What the task requires: When you output the records, match them exactly and omit any picture they include.

*** Block opens ***

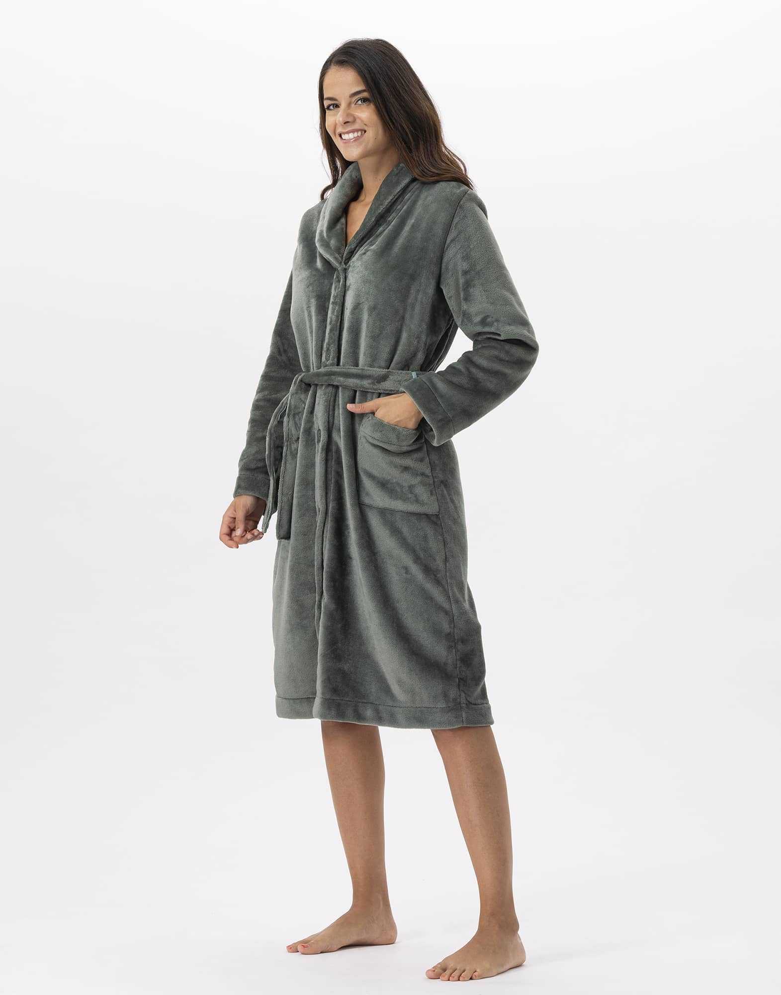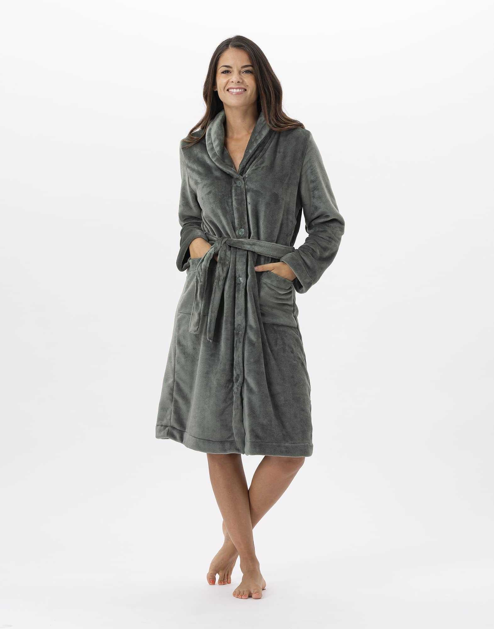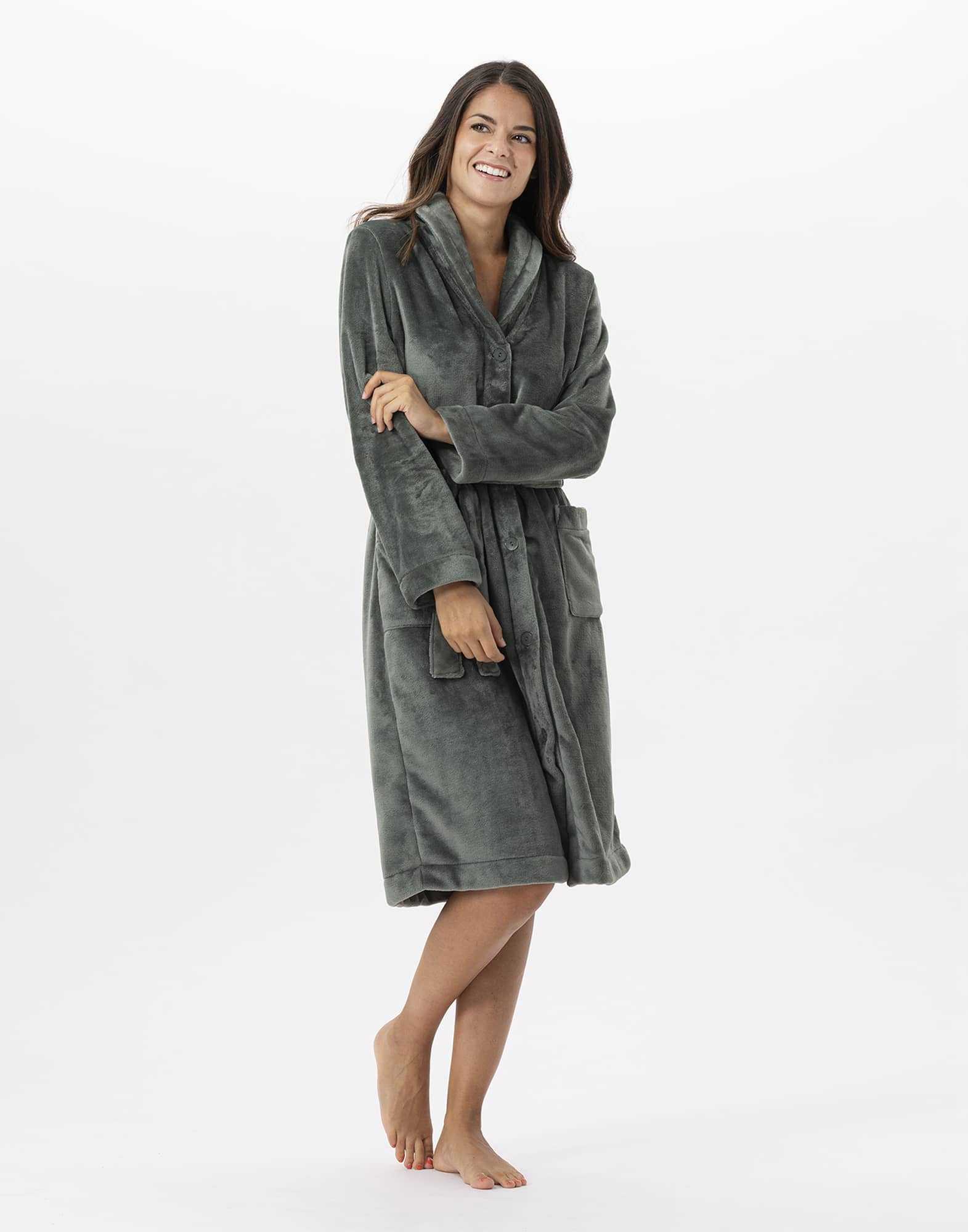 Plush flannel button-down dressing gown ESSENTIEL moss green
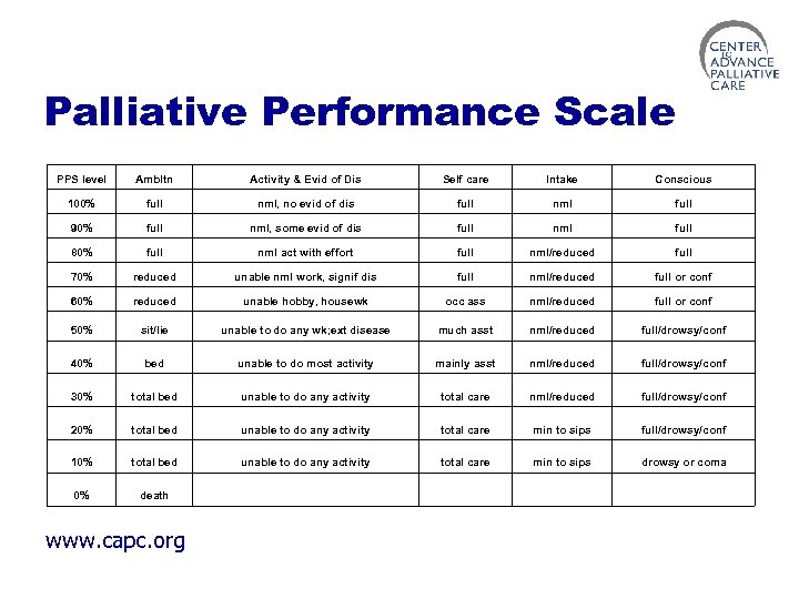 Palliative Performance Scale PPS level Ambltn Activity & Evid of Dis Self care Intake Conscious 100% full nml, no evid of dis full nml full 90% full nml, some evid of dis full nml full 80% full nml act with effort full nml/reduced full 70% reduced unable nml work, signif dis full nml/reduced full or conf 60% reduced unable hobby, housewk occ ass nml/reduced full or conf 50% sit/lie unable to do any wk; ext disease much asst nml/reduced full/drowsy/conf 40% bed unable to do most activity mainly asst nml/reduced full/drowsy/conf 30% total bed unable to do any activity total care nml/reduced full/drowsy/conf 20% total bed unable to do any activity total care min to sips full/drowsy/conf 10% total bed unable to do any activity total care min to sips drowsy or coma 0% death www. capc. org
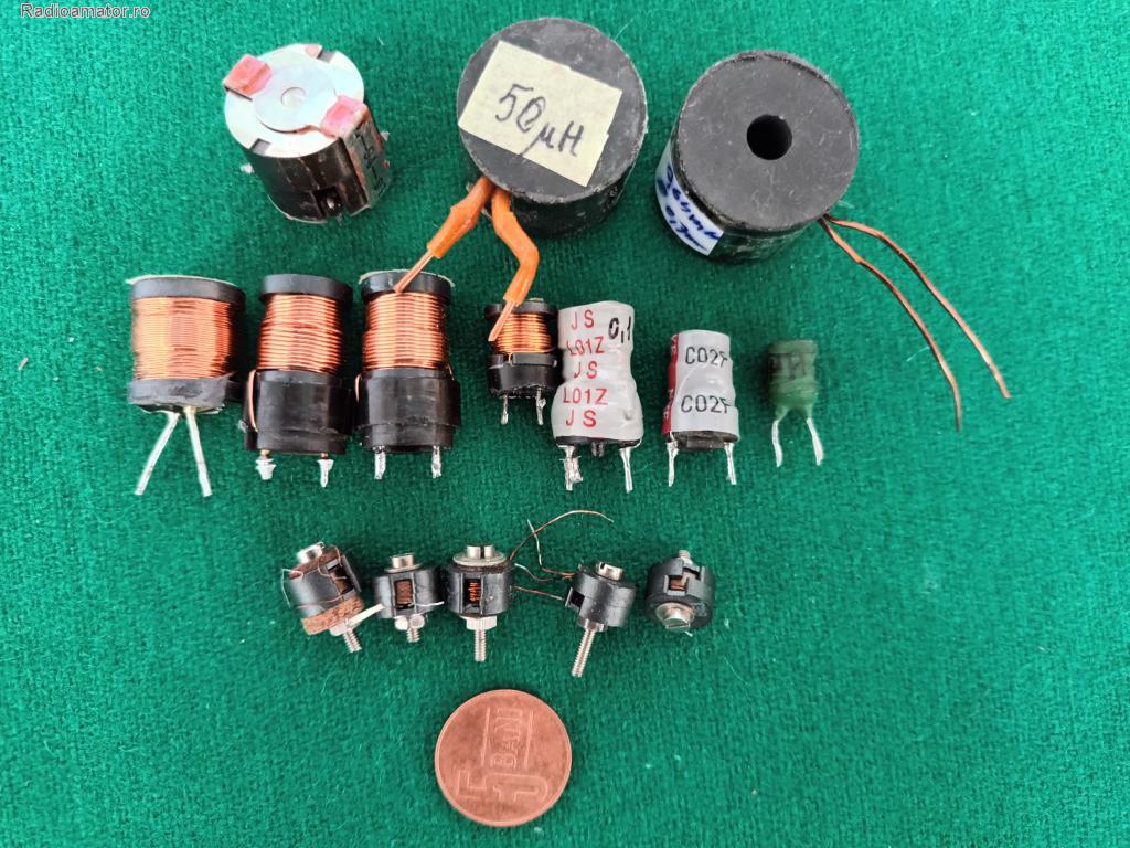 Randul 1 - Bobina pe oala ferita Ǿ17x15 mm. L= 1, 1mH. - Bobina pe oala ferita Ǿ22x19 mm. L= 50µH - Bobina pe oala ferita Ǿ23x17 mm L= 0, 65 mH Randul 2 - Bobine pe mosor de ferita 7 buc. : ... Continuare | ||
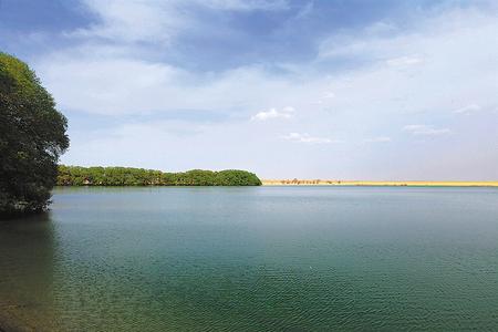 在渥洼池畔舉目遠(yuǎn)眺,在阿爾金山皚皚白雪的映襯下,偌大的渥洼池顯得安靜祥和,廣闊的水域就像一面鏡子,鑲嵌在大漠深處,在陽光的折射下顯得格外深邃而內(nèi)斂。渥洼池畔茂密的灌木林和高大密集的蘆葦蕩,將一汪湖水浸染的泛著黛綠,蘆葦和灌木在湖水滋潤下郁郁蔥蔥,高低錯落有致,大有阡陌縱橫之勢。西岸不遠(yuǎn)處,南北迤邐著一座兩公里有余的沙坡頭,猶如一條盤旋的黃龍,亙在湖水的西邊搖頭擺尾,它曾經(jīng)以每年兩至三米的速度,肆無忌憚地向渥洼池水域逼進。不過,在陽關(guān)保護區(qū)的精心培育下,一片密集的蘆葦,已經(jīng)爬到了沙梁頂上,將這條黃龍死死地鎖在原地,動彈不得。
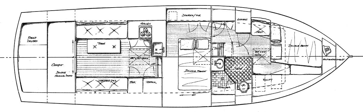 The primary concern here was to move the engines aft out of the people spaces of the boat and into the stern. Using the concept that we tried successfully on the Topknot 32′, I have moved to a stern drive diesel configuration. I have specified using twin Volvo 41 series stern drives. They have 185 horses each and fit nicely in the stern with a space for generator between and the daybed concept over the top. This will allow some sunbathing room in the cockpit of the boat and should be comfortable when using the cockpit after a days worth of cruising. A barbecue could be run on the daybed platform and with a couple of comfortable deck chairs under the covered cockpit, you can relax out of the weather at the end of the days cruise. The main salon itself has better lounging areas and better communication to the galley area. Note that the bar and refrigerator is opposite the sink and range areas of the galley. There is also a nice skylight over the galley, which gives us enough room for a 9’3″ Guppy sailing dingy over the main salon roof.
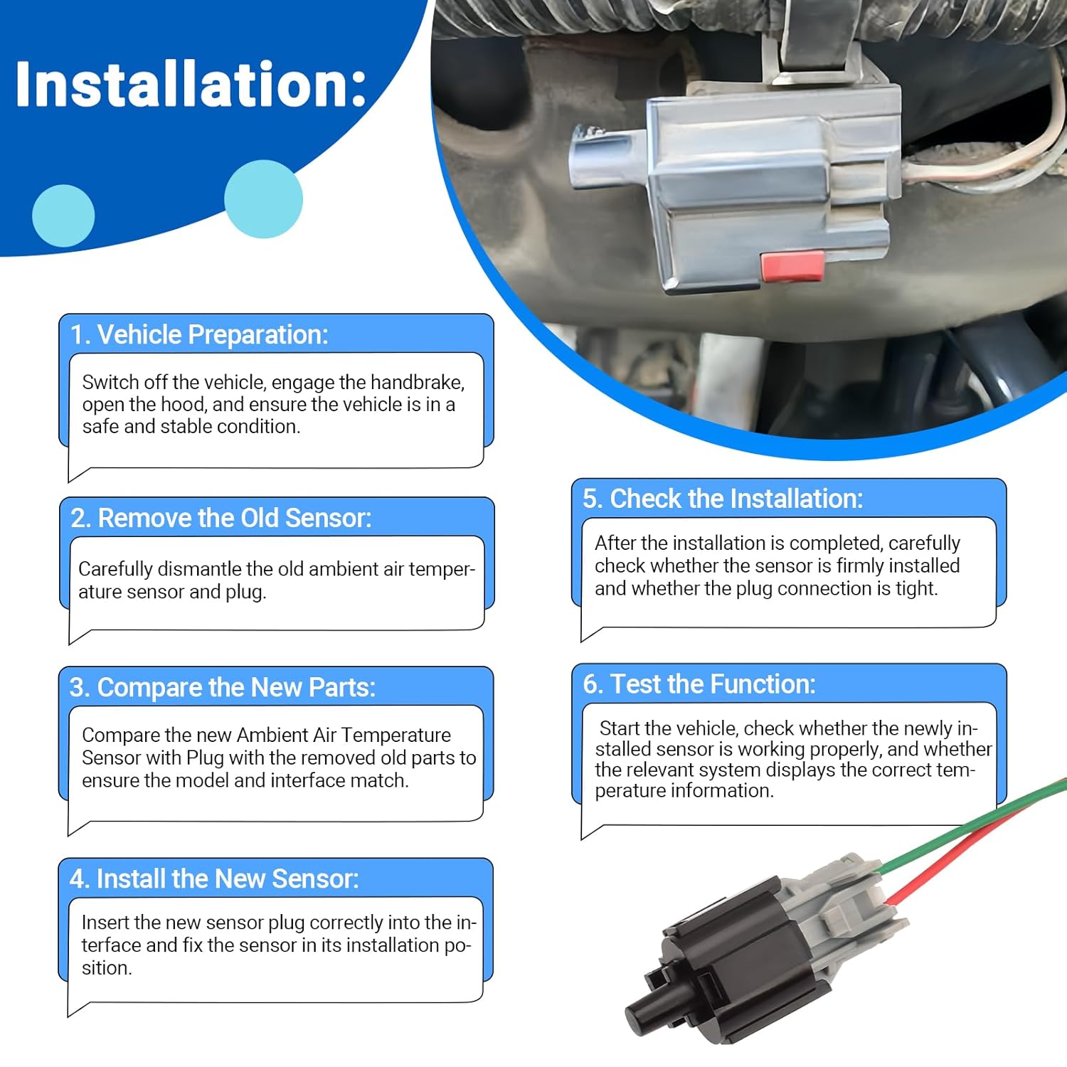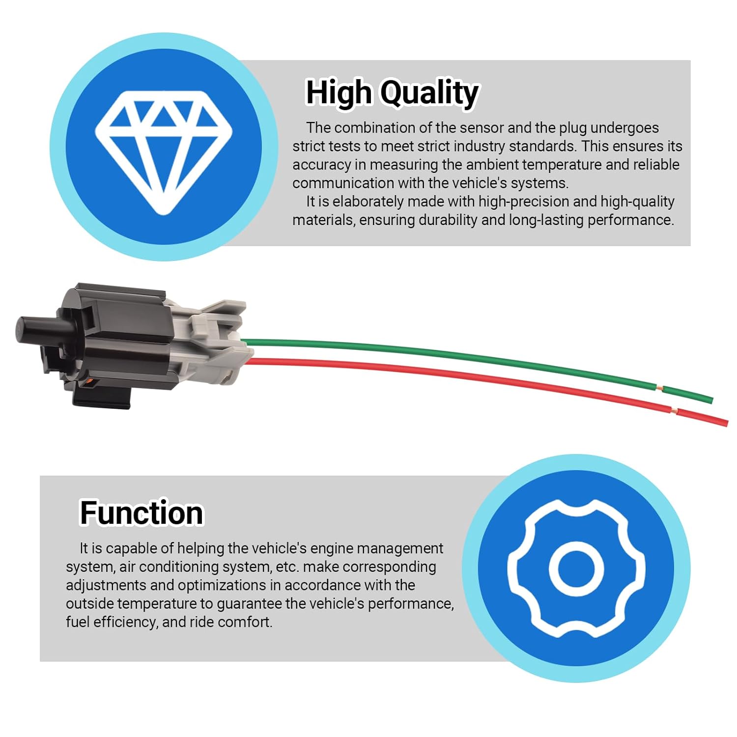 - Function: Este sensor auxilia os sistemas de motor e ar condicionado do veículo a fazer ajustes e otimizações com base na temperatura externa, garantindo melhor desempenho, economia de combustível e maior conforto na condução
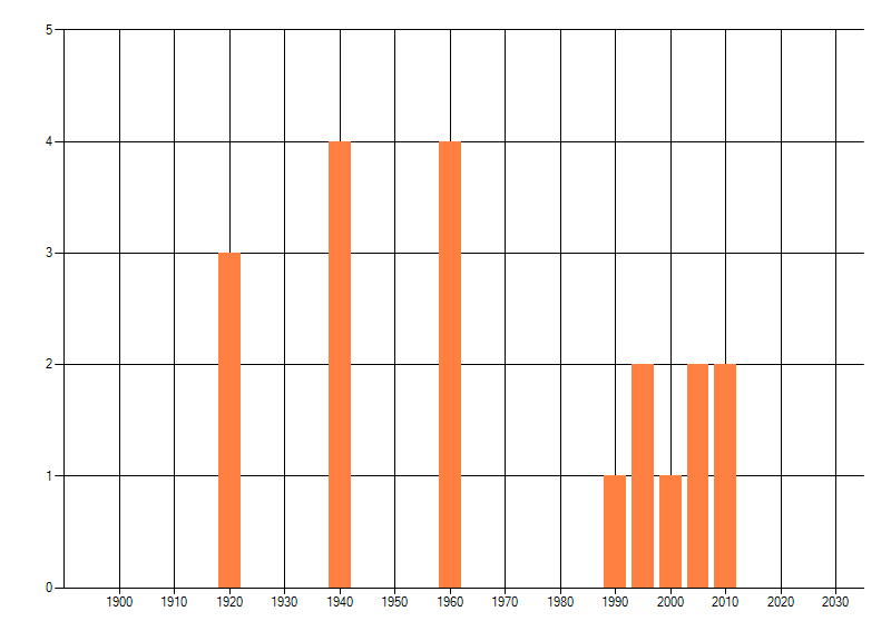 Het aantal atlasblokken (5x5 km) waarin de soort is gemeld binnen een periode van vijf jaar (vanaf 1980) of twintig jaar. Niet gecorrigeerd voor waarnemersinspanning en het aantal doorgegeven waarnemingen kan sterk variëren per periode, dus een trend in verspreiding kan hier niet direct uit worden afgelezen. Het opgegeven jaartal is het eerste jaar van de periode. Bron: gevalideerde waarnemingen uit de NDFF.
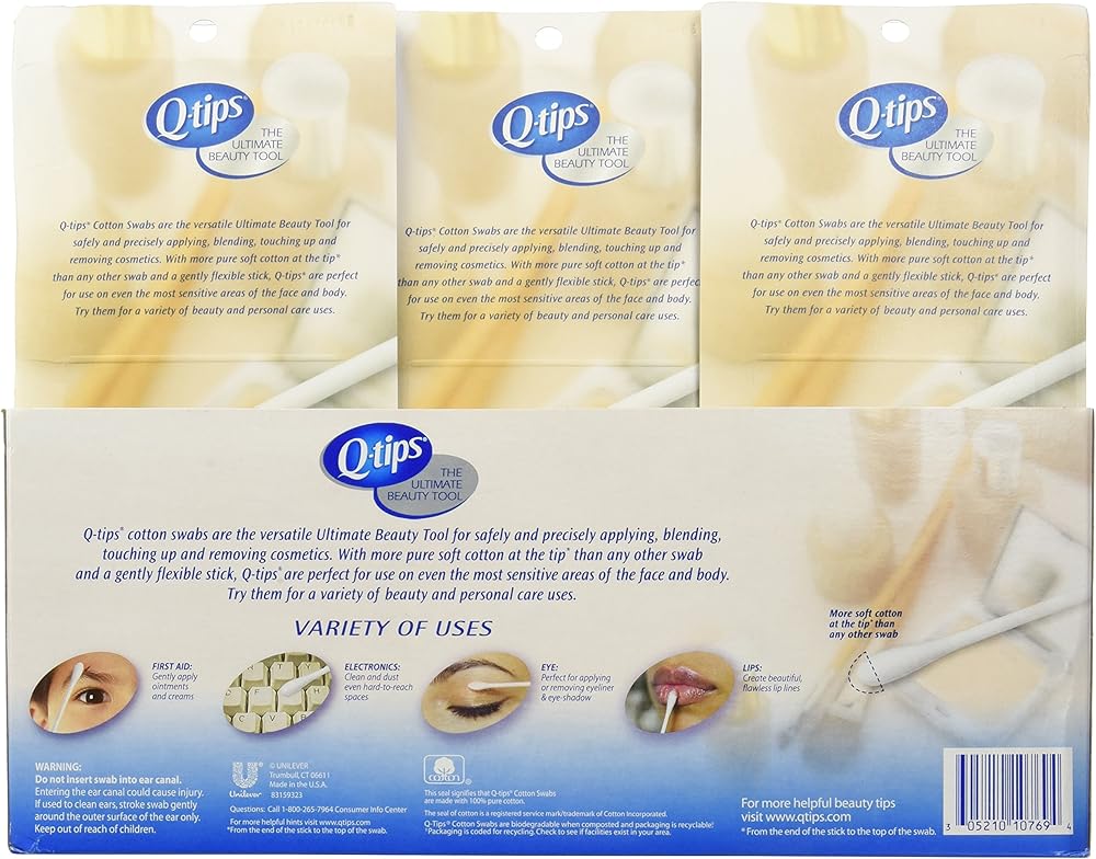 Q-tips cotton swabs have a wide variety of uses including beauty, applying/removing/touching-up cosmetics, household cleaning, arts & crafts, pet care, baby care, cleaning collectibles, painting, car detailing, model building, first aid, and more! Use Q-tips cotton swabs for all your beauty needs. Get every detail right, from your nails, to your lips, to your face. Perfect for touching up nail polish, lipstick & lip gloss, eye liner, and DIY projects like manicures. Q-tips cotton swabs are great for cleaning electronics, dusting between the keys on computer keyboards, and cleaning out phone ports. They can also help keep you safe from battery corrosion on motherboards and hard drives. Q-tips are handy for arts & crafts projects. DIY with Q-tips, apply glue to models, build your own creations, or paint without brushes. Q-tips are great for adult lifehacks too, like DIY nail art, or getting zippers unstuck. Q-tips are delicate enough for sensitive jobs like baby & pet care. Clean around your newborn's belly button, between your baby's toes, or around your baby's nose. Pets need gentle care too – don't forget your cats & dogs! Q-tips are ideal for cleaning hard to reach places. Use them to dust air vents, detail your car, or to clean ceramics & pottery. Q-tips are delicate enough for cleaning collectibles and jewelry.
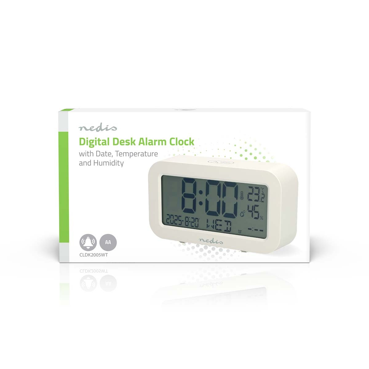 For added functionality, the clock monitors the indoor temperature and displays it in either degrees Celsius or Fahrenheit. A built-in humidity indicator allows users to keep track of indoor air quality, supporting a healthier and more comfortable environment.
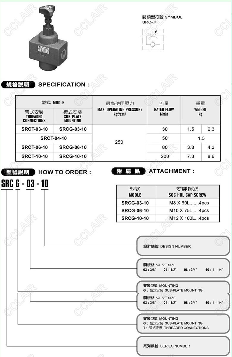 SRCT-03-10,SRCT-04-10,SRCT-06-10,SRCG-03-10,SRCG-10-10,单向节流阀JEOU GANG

*** Block closes ***

Reply to the task:
 Plush flannel button-down dressing gown ESSENTIEL moss green
 Palliative Performance Scale PPS level Ambltn Activity & Evid of Dis Self care Intake Conscious 100% full nml, no evid of dis full nml full 90% full nml, some evid of dis full nml full 80% full nml act with effort full nml/reduced full 70% reduced unable nml work, signif dis full nml/reduced full or conf 60% reduced unable hobby, housewk occ ass nml/reduced full or conf 50% sit/lie unable to do any wk; ext disease much asst nml/reduced full/drowsy/conf 40% bed unable to do most activity mainly asst nml/reduced full/drowsy/conf 30% total bed unable to do any activity total care nml/reduced full/drowsy/conf 20% total bed unable to do any activity total care min to sips full/drowsy/conf 10% total bed unable to do any activity total care min to sips drowsy or coma 0% death www. capc. org
 Randul 1 - Bobina pe oala ferita Ǿ17x15 mm. L= 1, 1mH. - Bobina pe oala ferita Ǿ22x19 mm. L= 50µH - Bobina pe oala ferita Ǿ23x17 mm L= 0, 65 mH Randul 2 - Bobine pe mosor de ferita 7 buc. : ... Continuare | ||
 在渥洼池畔舉目遠(yuǎn)眺,在阿爾金山皚皚白雪的映襯下,偌大的渥洼池顯得安靜祥和,廣闊的水域就像一面鏡子,鑲嵌在大漠深處,在陽光的折射下顯得格外深邃而內(nèi)斂。渥洼池畔茂密的灌木林和高大密集的蘆葦蕩,將一汪湖水浸染的泛著黛綠,蘆葦和灌木在湖水滋潤下郁郁蔥蔥,高低錯落有致,大有阡陌縱橫之勢。西岸不遠(yuǎn)處,南北迤邐著一座兩公里有余的沙坡頭,猶如一條盤旋的黃龍,亙在湖水的西邊搖頭擺尾,它曾經(jīng)以每年兩至三米的速度,肆無忌憚地向渥洼池水域逼進。不過,在陽關(guān)保護區(qū)的精心培育下,一片密集的蘆葦,已經(jīng)爬到了沙梁頂上,將這條黃龍死死地鎖在原地,動彈不得。
 The primary concern here was to move the engines aft out of the people spaces of the boat and into the stern. Using the concept that we tried successfully on the Topknot 32′, I have moved to a stern drive diesel configuration. I have specified using twin Volvo 41 series stern drives. They have 185 horses each and fit nicely in the stern with a space for generator between and the daybed concept over the top. This will allow some sunbathing room in the cockpit of the boat and should be comfortable when using the cockpit after a days worth of cruising. A barbecue could be run on the daybed platform and with a couple of comfortable deck chairs under the covered cockpit, you can relax out of the weather at the end of the days cruise. The main salon itself has better lounging areas and better communication to the galley area. Note that the bar and refrigerator is opposite the sink and range areas of the galley. There is also a nice skylight over the galley, which gives us enough room for a 9’3″ Guppy sailing dingy over the main salon roof.
 - Function: Este sensor auxilia os sistemas de motor e ar condicionado do veículo a fazer ajustes e otimizações com base na temperatura externa, garantindo melhor desempenho, economia de combustível e maior conforto na condução
 Het aantal atlasblokken (5x5 km) waarin de soort is gemeld binnen een periode van vijf jaar (vanaf 1980) of twintig jaar. Niet gecorrigeerd voor waarnemersinspanning en het aantal doorgegeven waarnemingen kan sterk variëren per periode, dus een trend in verspreiding kan hier niet direct uit worden afgelezen. Het opgegeven jaartal is het eerste jaar van de periode. Bron: gevalideerde waarnemingen uit de NDFF.
 Q-tips cotton swabs have a wide variety of uses including beauty, applying/removing/touching-up cosmetics, household cleaning, arts & crafts, pet care, baby care, cleaning collectibles, painting, car detailing, model building, first aid, and more! Use Q-tips cotton swabs for all your beauty needs. Get every detail right, from your nails, to your lips, to your face. Perfect for touching up nail polish, lipstick & lip gloss, eye liner, and DIY projects like manicures. Q-tips cotton swabs are great for cleaning electronics, dusting between the keys on computer keyboards, and cleaning out phone ports. They can also help keep you safe from battery corrosion on motherboards and hard drives. Q-tips are handy for arts & crafts projects. DIY with Q-tips, apply glue to models, build your own creations, or paint without brushes. Q-tips are great for adult lifehacks too, like DIY nail art, or getting zippers unstuck. Q-tips are delicate enough for sensitive jobs like baby & pet care. Clean around your newborn's belly button, between your baby's toes, or around your baby's nose. Pets need gentle care too – don't forget your cats & dogs! Q-tips are ideal for cleaning hard to reach places. Use them to dust air vents, detail your car, or to clean ceramics & pottery. Q-tips are delicate enough for cleaning collectibles and jewelry.
 For added functionality, the clock monitors the indoor temperature and displays it in either degrees Celsius or Fahrenheit. A built-in humidity indicator allows users to keep track of indoor air quality, supporting a healthier and more comfortable environment.
 SRCT-03-10,SRCT-04-10,SRCT-06-10,SRCG-03-10,SRCG-10-10,单向节流阀JEOU GANG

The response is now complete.